Records shown Start Marker
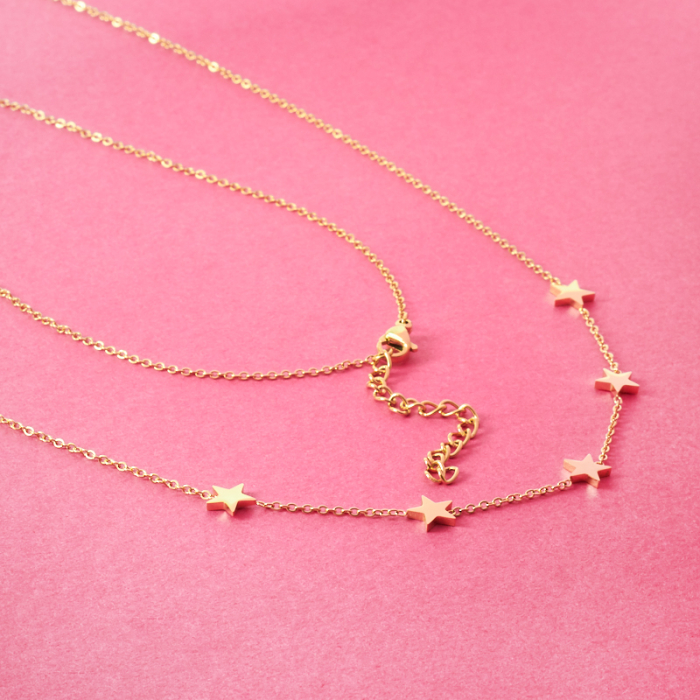 Naszyjnik z mini zawieszkami ze stali chirurgicznej gwiazdki w kolorze złotym 39,5cmTo trwały element biżuterii lub półfabrykat jubilerski, który dobrze sprawdza się w codziennych realizacjach. To materiał chętnie wybierany do biżuterii handmade ze względu na trwałość, estetykę i wygodę użytkowania.Naszyjnik ze stali chirurgicznej 316L to gotowy element biżuterii lub baza do dalszego personalizowania, w zależności od konstrukcji produktu. Dobrze sprawdza się w codziennym noszeniu i pozwala łatwo dopasować styl projektu do pozostałych dodatków.Rozmiar
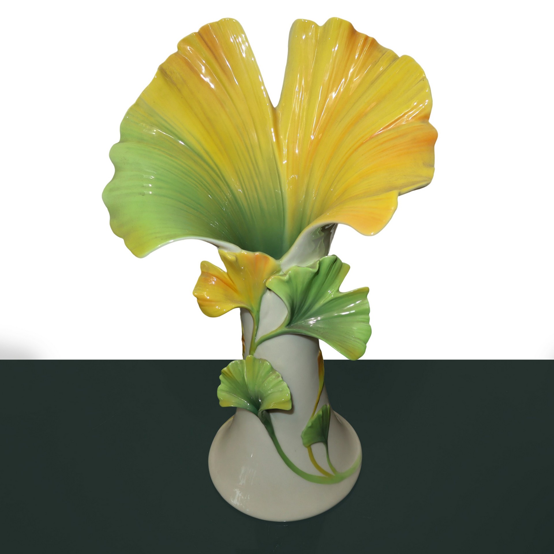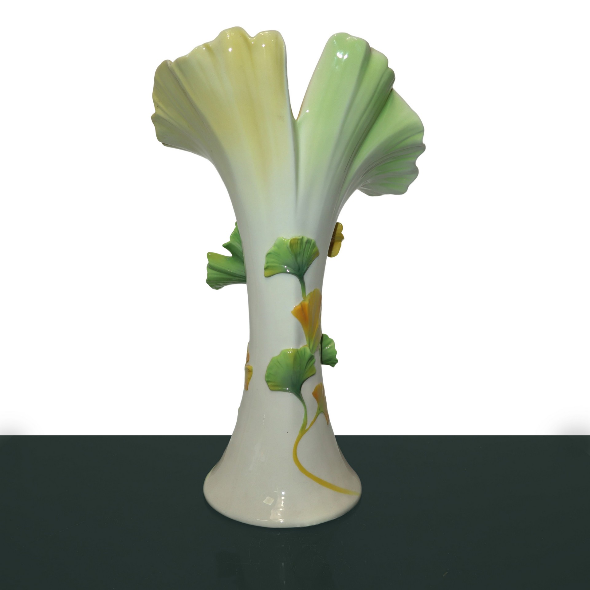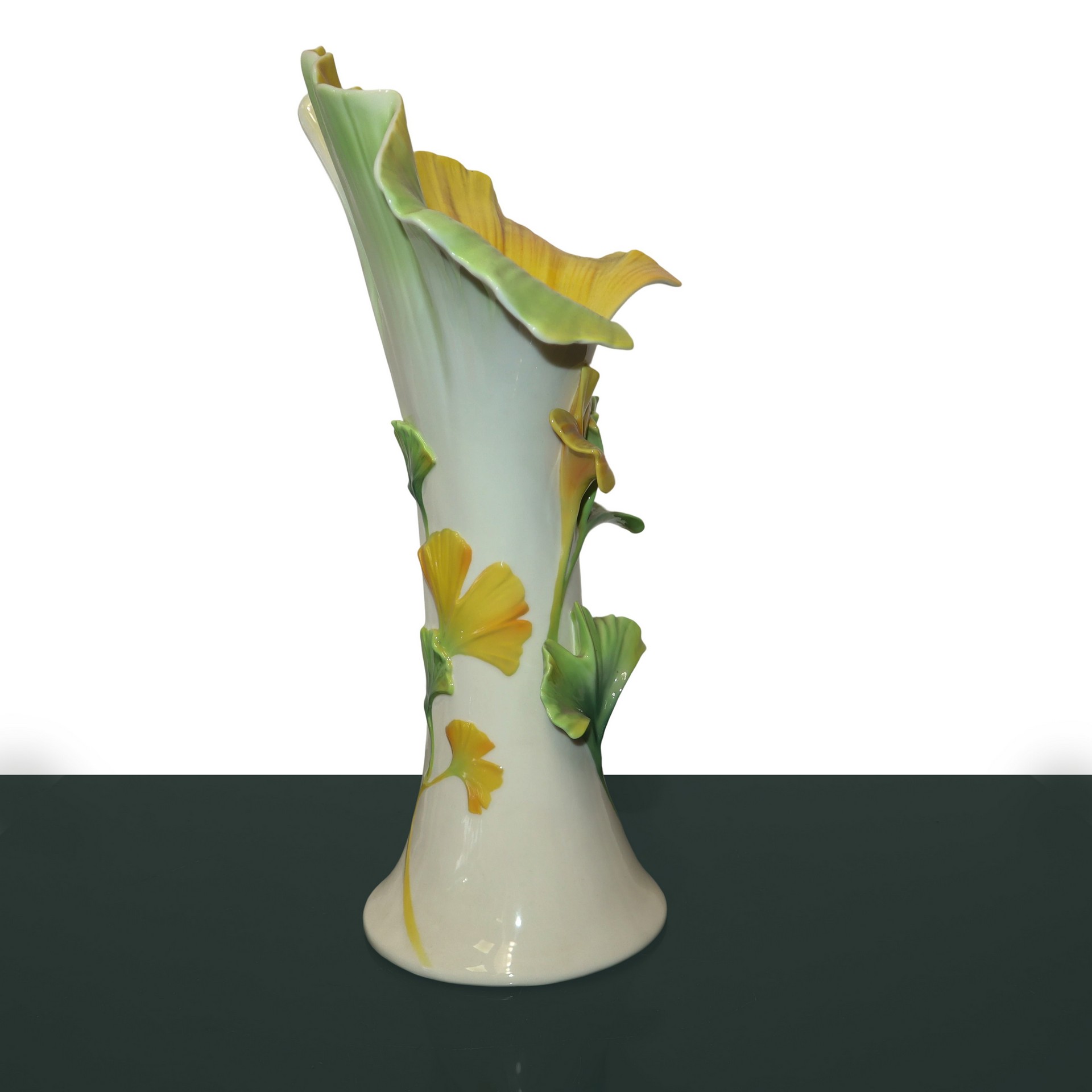 Franz Porcelain - Vaso in porcellana con calle gialle e foglie verdi h cm 36
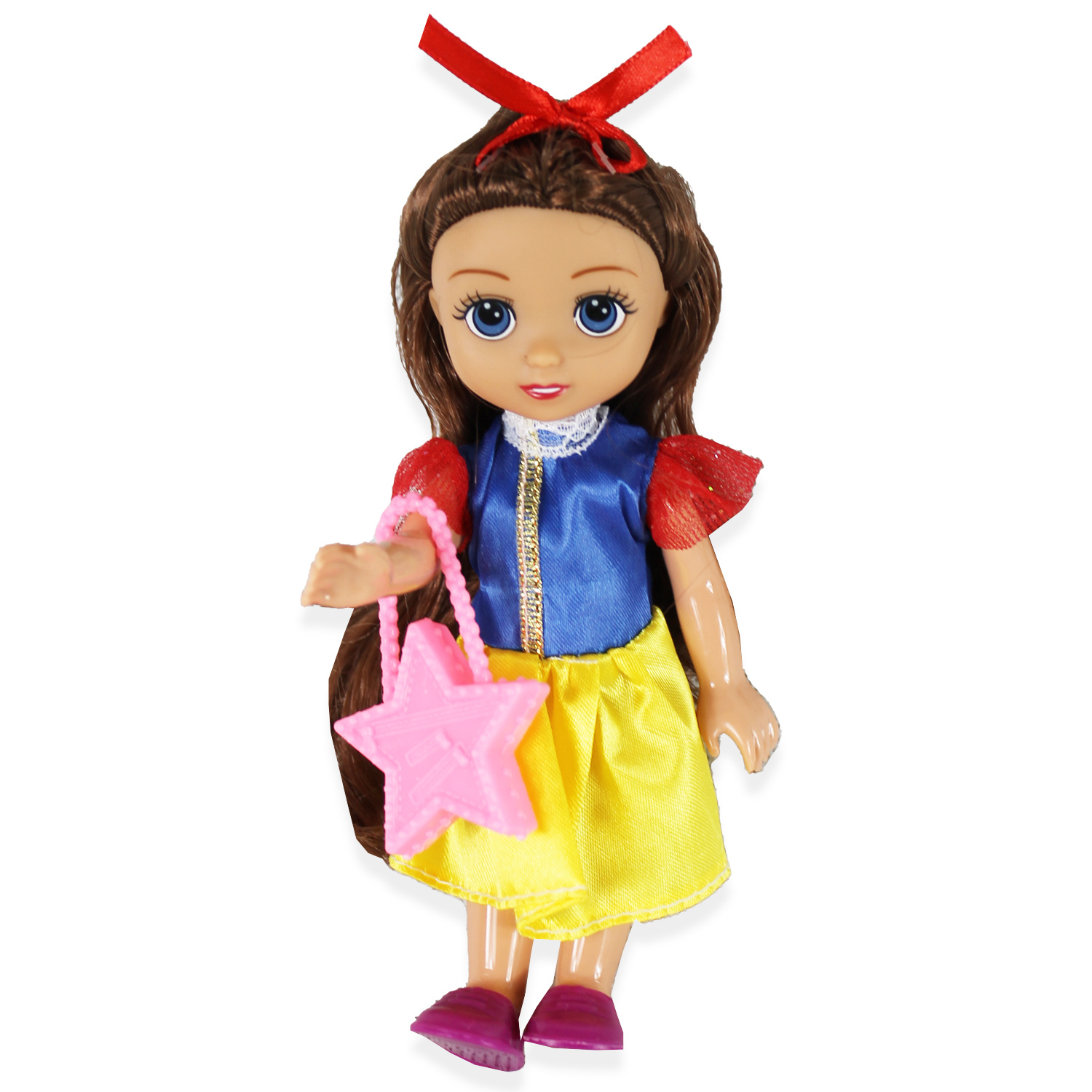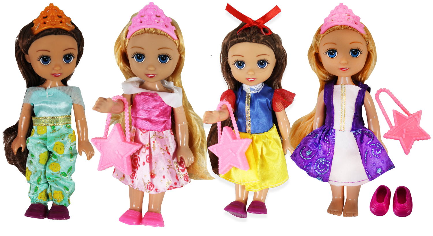- Śnieżka – to urocza i miła księżniczka. Ma ciemne włosy, a na nich czerwoną kokardkę. Ma czerwone usta i piękne oczy. Ubrana jest w długą sukienkę, która składa się z niebieskiej bluzki z bufiastymi, czerwonymi rękawkami oraz żółtej spódnicy. Na nóżkach ma fioletowe pantofle. Całości dopełniona różowa torebka w kształcie gwiazdy.
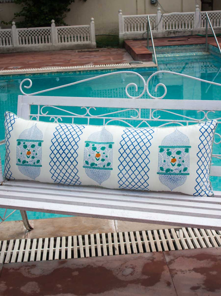 Noor Block Printed Cotton Cushion Cover - 16 X 48 Inch
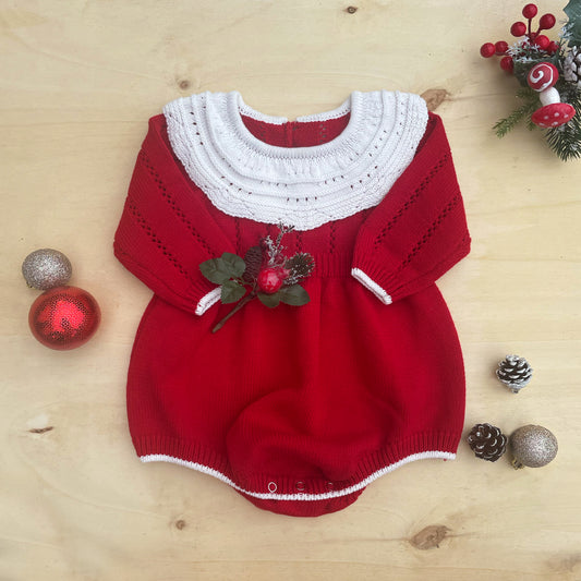 Red Knit Christmas Baby Girl Bubble Romper Long Sleeve, of Cotton Warm and Cozy
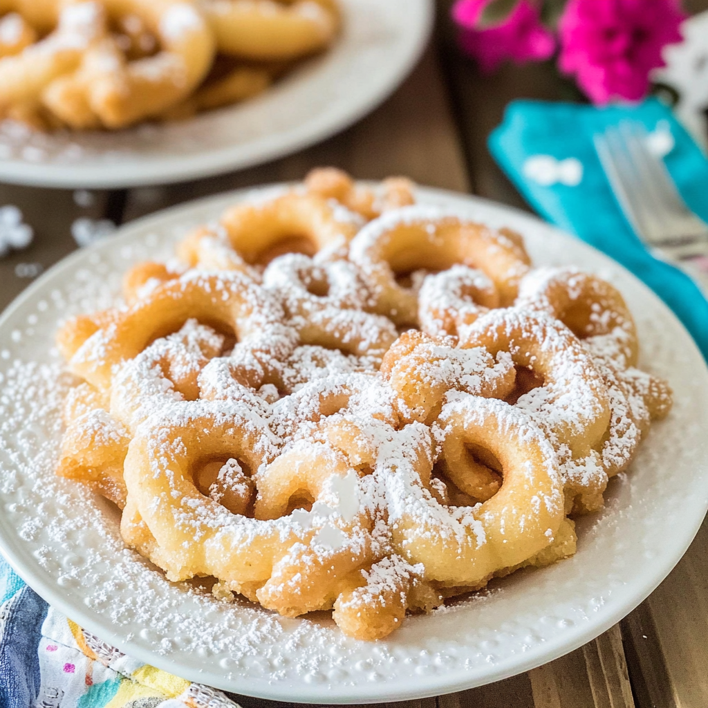 Funnel cakes are the kind of food that makes you feel like a kid again, with their golden-brown swirls and powdered sugar dusting. Imagine standing at a fairground, the sweet
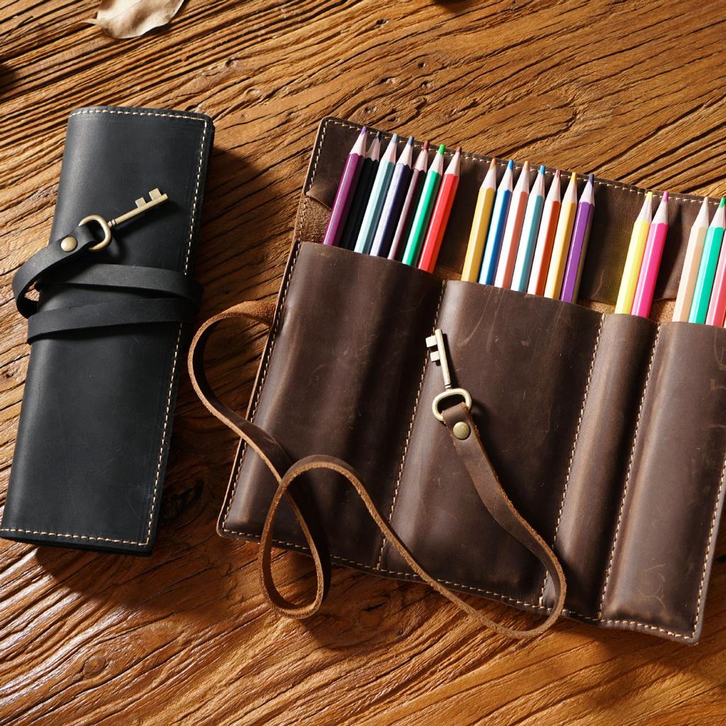 2026 Retro First-layer Cowhide Pen Curtain, Genuine Leather Pencil Case, Simple Literary Pencil Case, Multi-functional Bundle-tired Pencil Case
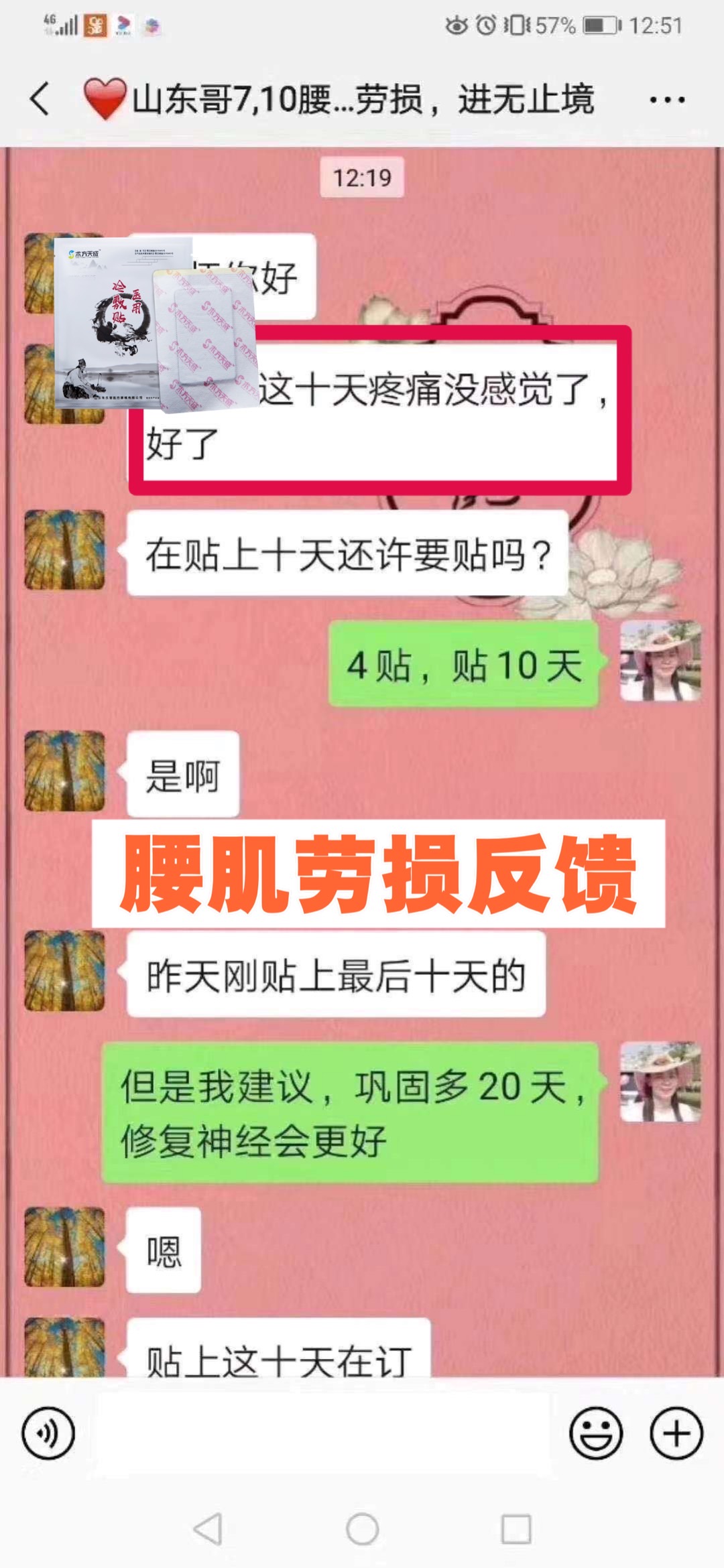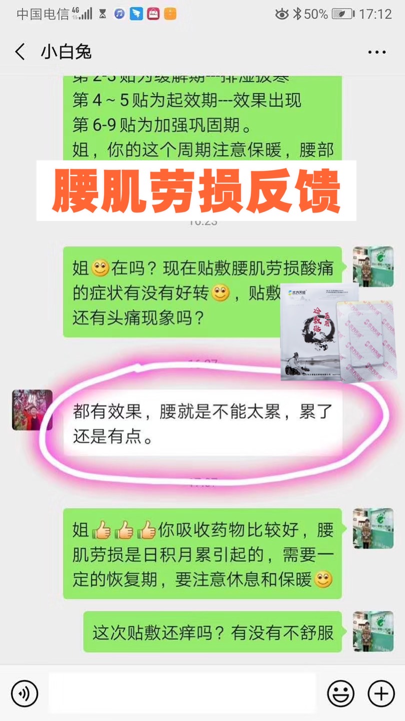 腰肌劳损反馈 贴了三天,顾客说感觉稍微好点了
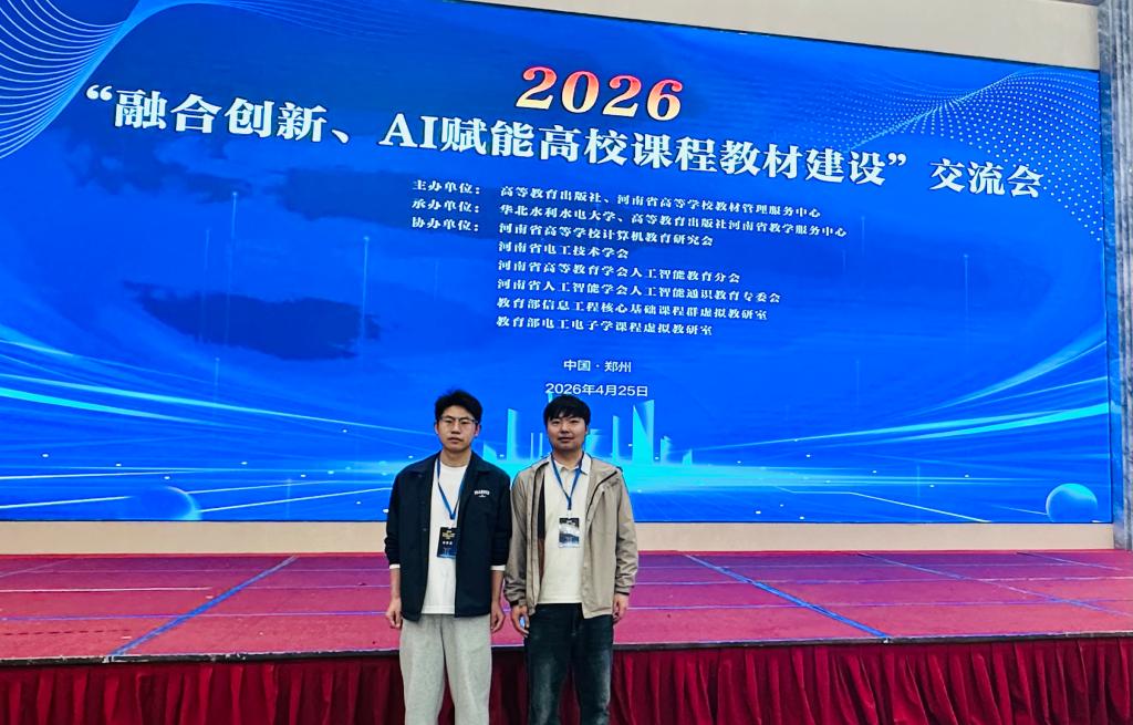4月25日,由学校统一组织,老太阳集团8722选派青年教师郝四喜、李康,赴郑州参加河南省2026年“融合创新、AI赋能高校课程教材建设”交流会。
Records shown End Marker
## What is needed
Everything above from the line containing "Funnel cakes are" through the line containing "腰肌劳损反馈 贴了三天,顾客说感觉稍微好点了" must be repeated exactly, and the pictures must be left out.

## Finished exercise
 Funnel cakes are the kind of food that makes you feel like a kid again, with their golden-brown swirls and powdered sugar dusting. Imagine standing at a fairground, the sweet
 2026 Retro First-layer Cowhide Pen Curtain, Genuine Leather Pencil Case, Simple Literary Pencil Case, Multi-functional Bundle-tired Pencil Case
 腰肌劳损反馈 贴了三天,顾客说感觉稍微好点了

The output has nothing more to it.